I think it was Dr Phil who said that those who have not learned the lessons of history are destined to build up resentment towards their life-partner over issues of unpaid child-maintenance from a previous commitment. While some would ponder at the wisdom of a fat man who publishes slimming guides, the spirit of his advice is well taken, and we should see the new year for what it is: another step towards our inevitable doom and the ultimate failure of the human experiment.
New Year resolutions seem to offer hope to the irresolute in the way that snorkels bring comfort to submariners. They offer the agnostic redemption and forgiveness of almost Catholic convenience. To the gluttonous they promise lentils and distilled water; to the emphysemic, a breath of fresh air. And to the sports fan they bring a brief moment of clarity in which he recognises the sins of the past year and vows never to repeat them: anniversaries bulldozed by monster truck races, parent-child weekends punctuated with furtive visits to a hidden transistor for rugby updates, candle-lit liaisons terminated by the first over of the day being bowled half a world away (”I can drive you home in two hours when they have lunch, or you can sleep on the couch. You’re beautiful and I’ve had the most wonderful eve … Christ! They’ve left out Kirsten!”).
One imagines that sports stars themselves know nothing of the moral ultimatums of New Year’s resolutions. Posh vows to purge 10kg — three quarters of her body-weight — and admires her form in the mirror, something between an obscene grasshopper and a dead desiccated whippet, Becks carefully prints out his with block crayons: ”Skor more goles, get hare kut like it woz in 2003 but like cooler yeah…”

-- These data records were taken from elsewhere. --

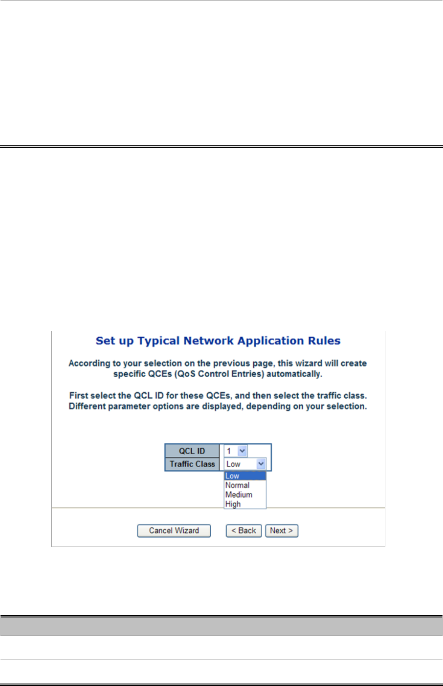 According to your selection on the previous page, this wizard will create specific QCEs (QoS Control Entries) automatically.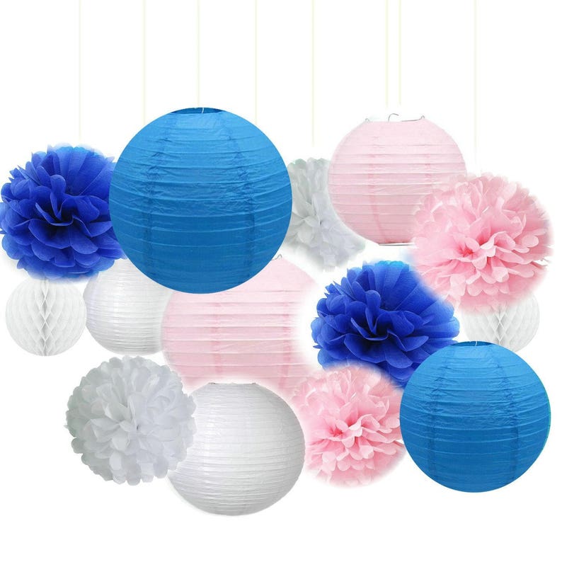 Set Of 14 Mixed Royal Blue Pink White Party Tissue Pom Poms Paper Lantern Honeycomb Ball Wedding Birthday Baby Shower Decoration
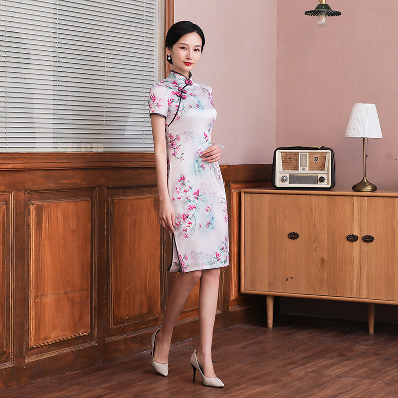 Cheongsam grosir 2024 musim panas kerah berdiri ramping gaun sutra murbei cetak gaya Cina retro gaun cheongsam 3711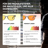 Blockiert 84 % blaues Licht nach Sonnenuntergang.
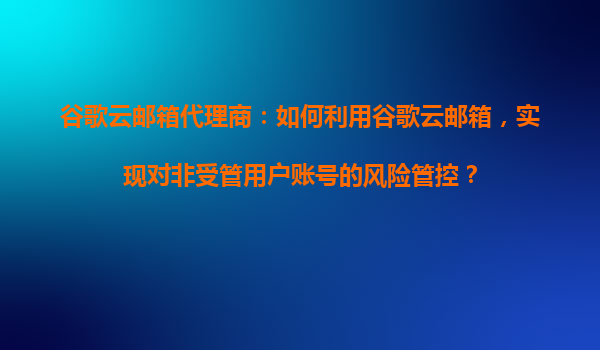 2025-10-31谷歌云郵箱代理商指南:高效管控非受管用戶賬號風險 1.谷歌云郵箱的核心優勢 谷歌云郵箱(GoogleWorkspace)作為企業級郵件解決方案,提供99.9%的服務可用性保障和端到端加密傳輸,其分布式架構能有效抵...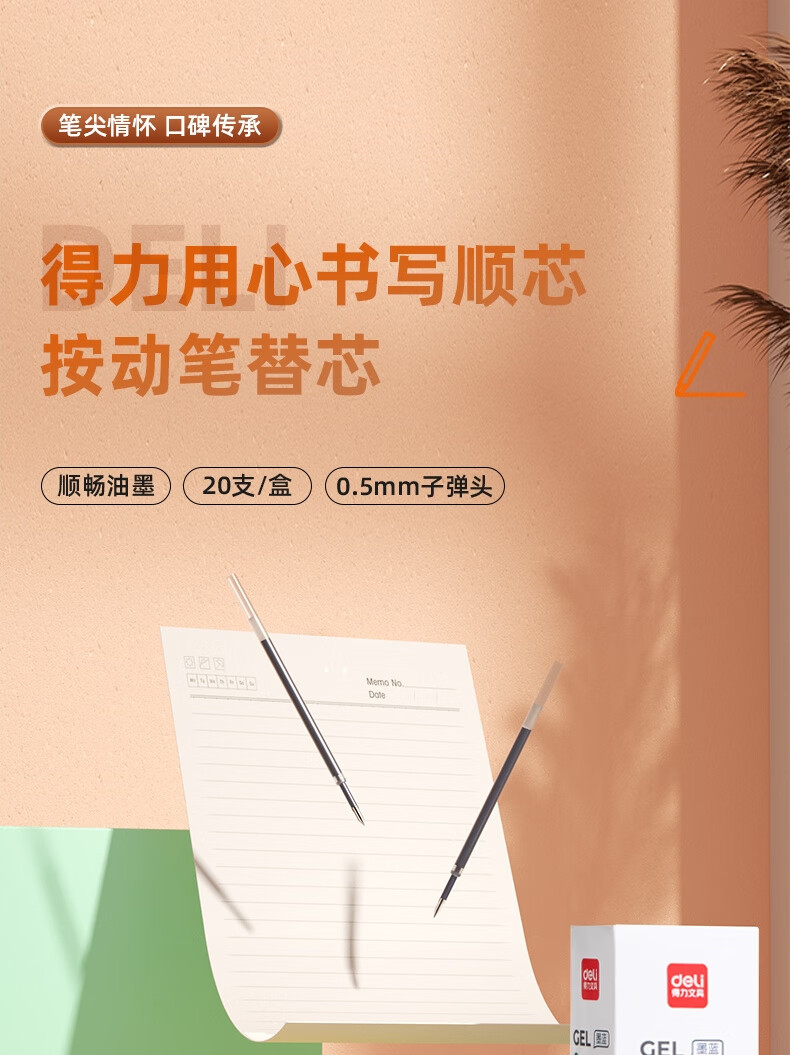 得力6916通用型中性筆替芯0.5mm*20黑色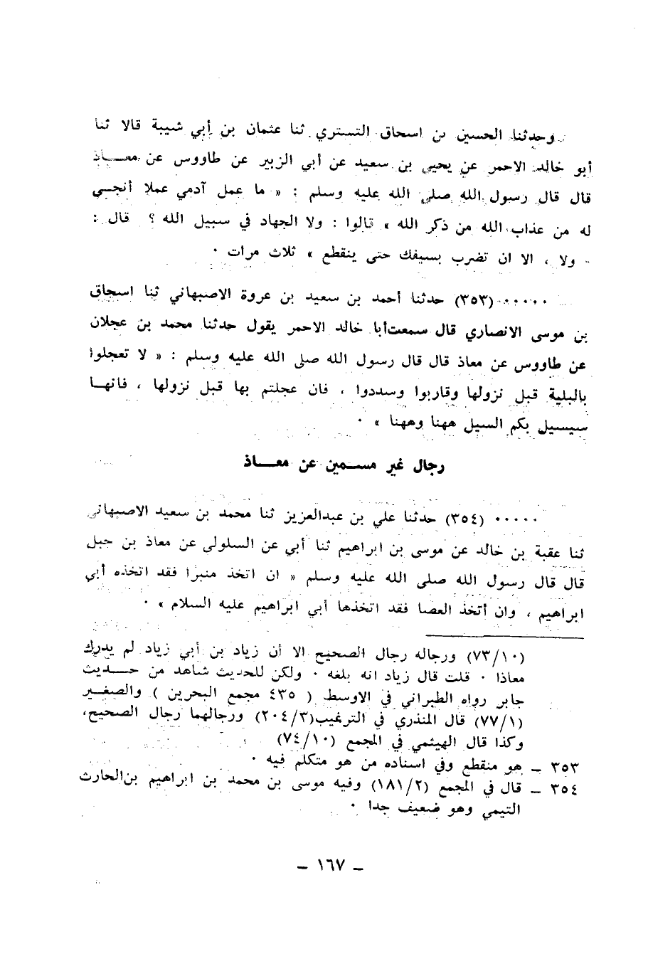 354 - حَدَّثَنَا عَلِيُّ بْنُ عَبْدِ الْعَزِيزِ، ثنا مُحَمَّدُ بْنُ سَعِيدٍ الْأَصْبَهَانِيُّ، ثنا عُقْبَةُ بْنُ خَالِدٍ، عَنْ مُوسَى بْنِ إِبْرَاهِيمَ، ثنا أَبِي، عَنِ السَّلُولِيِّ، عَنْ مُعَاذِ بْنِ جَبَلٍ، قَالَ: قَالَ رَسُولُ اللهِ صَلَّى اللهُ عَلَيْهِ وَسَلَّمَ: «§إِنْ أَتَّخِذْ مِنْبَرًا فَقَدِ اتَّخَذَهُ أَبِي إِبْرَاهِيمُ، وَإِنْ أَتَّخِذِ الْعَصَا فَقَدِ اتَّخَذَهَا أَبِي إِبْرَاهِيمُ عَلَيْهِ السَّلَامُ»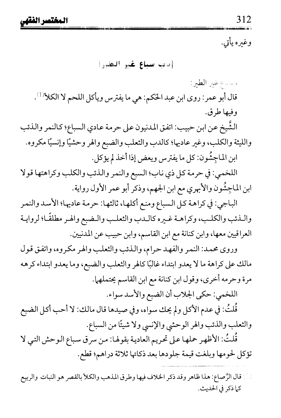 الباجي: في كراهة كل السباع ومنع أكلها, ثالثها: حرمة عاديها؛ الأسد والنمر والذئب والكلب, وكراهة غيره كالدب والثعلب والضبع والهر مطلقًا؛ لرواية العراقيين معها, وابن كنانة مع ابن القاسم, وابن حبيب عن المدنيين.

Michael Schumacher’s list — written in merlot on silk — is indistinguishable from last year’s: ”1. Ram bloody Montoya if he gets uppity. Same applies to Barichello. Bloody goofy emotional South Americans. Both could do with a ride into the tyres. Bastards, trying to take my championship. 2. Spend $2-zillion — make it hard this year so not allowed to buy personal jet or fill khoi-pond with Chateau Rothschild ’23 again.”
Still, at least by January 5 we’ll be back to Kit Kats for breakfast and lunch with supper at Lard ‘n Stuff Drive-Thru. All good things must come to an end. Thank God.